Дело в том, что, несмотря на серые глаза и волосы цвета спелой ржи, героини эти умом не блещут. Я не преувеличу, сравнив их интеллект с интеллектом таракана, причем не среднего, а такого, которого уронили в младенчестве. Девушка из детектива прекрасно знает, что за ней гонится прославленная банда. Мало того, если глубокой ночью явится посланник с запиской «Приходите немедленно», она тут же хватает шляпу и пускается в путь. Одноглазому рябому китайцу со зловещей усмешкой она верит, как родному, даже когда он сажает ее в машину со стальными шторками на окнах и везет в халупу на болотах. Когда же герой, рискуя жизнью и удобствами, приходит ей на помощь, она не хочет иметь с ним дела, ибо безносый мулат сказал ей, что это он убил ее брата Джима.

Хватит! Мы, читатели, требуем, чтобы девушек убрали. Конечно, издатели так хотят, чтобы в романе была героиня, что готовы связать ей руки и, хищно сверкая глазами, поместить ее на суперобложку, но мы стоим на своем. Лучше суперобложка с субъектом в маске, вонзающим нож в миллионера, чем такие дуры, как Мирта, Гледис или, скажем, Элейн.

Шерлок Холмс тем и хорош, что относится к ним, как надо. Да, иногда он позволяет им зайти на Бейкер-стрит и рассказать о странных поступках отчима или дяди, мало того — он разрешил им выйти за Уотсона, но когда сюжет развернется, он ставит их на место. Нам бы так!
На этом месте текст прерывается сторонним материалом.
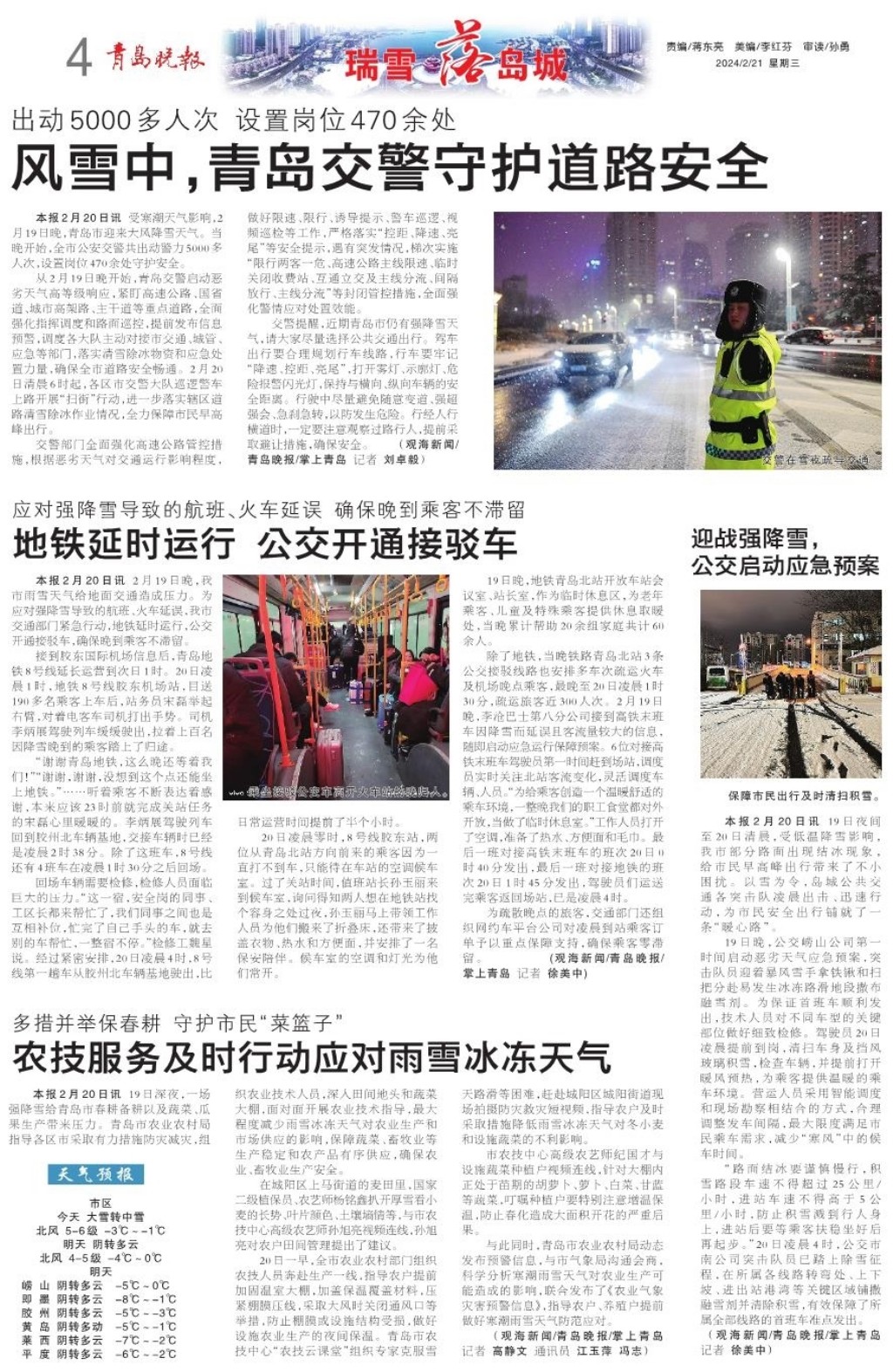风雪中,青岛交警守护道路安全
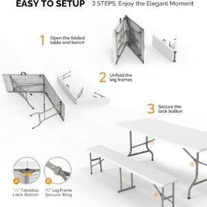 Quality and Sturdy: This 6ft long table and bench three-piece set is made with high capacity HDPE waterproof material, ensuring durability and stability. The non-slip matte surface provides a secure grip, and the sturdy triangular structure support and robust metal frame offer added strength. The fixed structure secure locks and anti-tipping safety design further enhance stability and safety

Конечно, легче всего с ними справится злодей, и, отдадим ему должное, он не дремлет. У него есть и пыл, и мастерство слова — буквально все, что нужно; но по той или иной причине он терпит поражение. Даже когда девица надежно прикручена цепями, а в подвал течет вода, мы в глубине души надеемся на счастливую развязку. Опыт учит, что злодей что-нибудь да упустит; слишком часто это с ним бывало, и он утратил наше доверие. Поистине, надломленная трость.[50]